Wissenschaftler konnten nachweisen, dass zwischen dem AMH-Spiegel und der Anzahl reifungsfähiger Eizellen ein direkter Zusammenhang besteht. Das Anti-Müller-Hormon gilt daher als Biomarker für die Reserven der Eierstöcke und kann einen Wert zur Bestimmung der Fruchtbarkeit geben. In Kinderwunschzentren wird der der AMH-Test schon länger eingesetzt, hierzu reicht eine Blutuntersuchung.

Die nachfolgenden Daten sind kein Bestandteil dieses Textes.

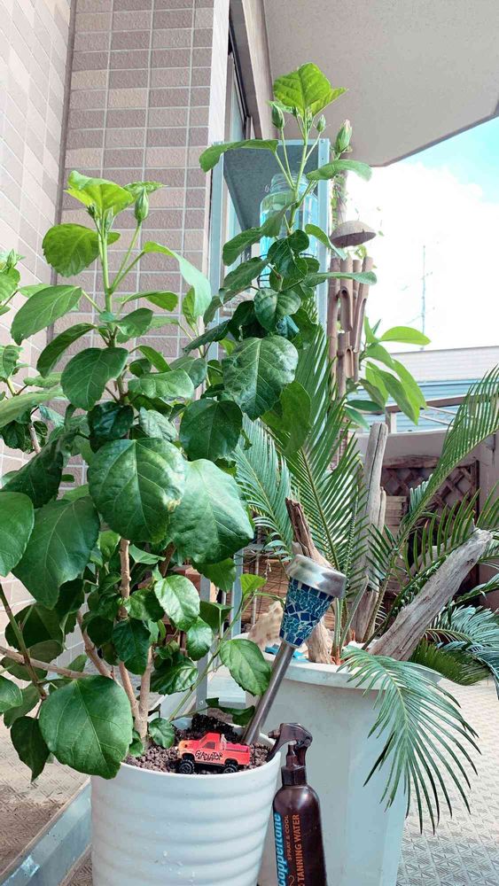 #ハイビスカス#ソテツ#蘇鉄#ミニカー#流木#天サロ👧🏿☀️#見守り当番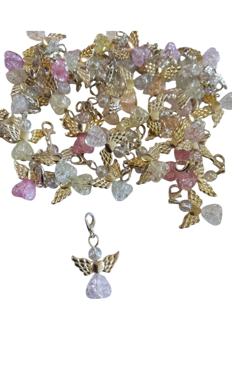 Változó színű szívecskés gyöngyökből, szíves szárnyból és áttetsző gyöngyből összeállított angyalka.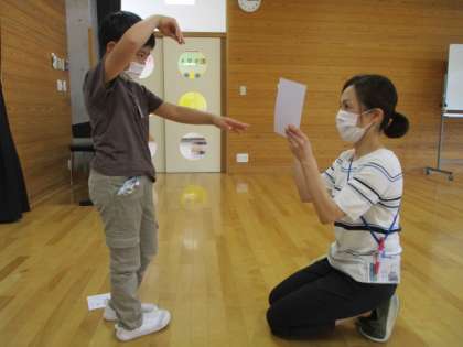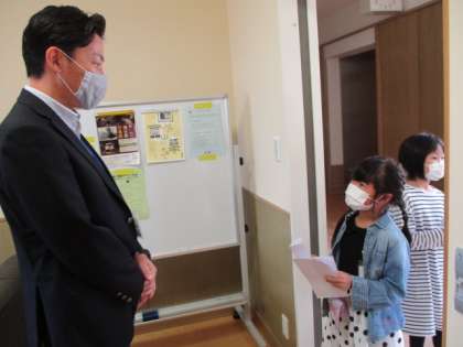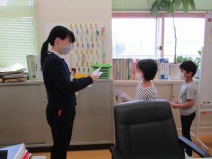 先生方から自己紹介カードをもらってとても嬉しそうな1年生です。

Bei der Untersuchung des AMH spielt das Alter keine Rolle. Liegt der untersuchte Wert beispielsweise bei 1,6 ng/ml ist nur noch eine geringe Reserve an Eianlagen vorhanden. Fällt das AMH unter 0,5 ng/ml, ist diese Reserve hochgradig eingeschränkt und die Aussicht auf eine erfolgreiche In-Vitro-Fertilisationsbehandlung (IVF)-Behandlung liegt bei unter zwölf Prozent. Wenn der AMH unterhalb der Nachweisgrenze von 0,1 ng/ml liegt, Ist laut Studien eine IVF-Behandlung nicht mehr sinnvoll, da die Eierstöcke ihre Produktion eingestellt haben.

 

Was kostet die Untersuchung?

Im Rahmen der individuellen Gesundheitsleistung (IGel) können aber auch niedergelassene Ärzte den AMH-Spiegel oder eine umfangreiche Fertilitätsuntersuchung durchführen. Die Kosten betragen Im Schnitt 65 Euro.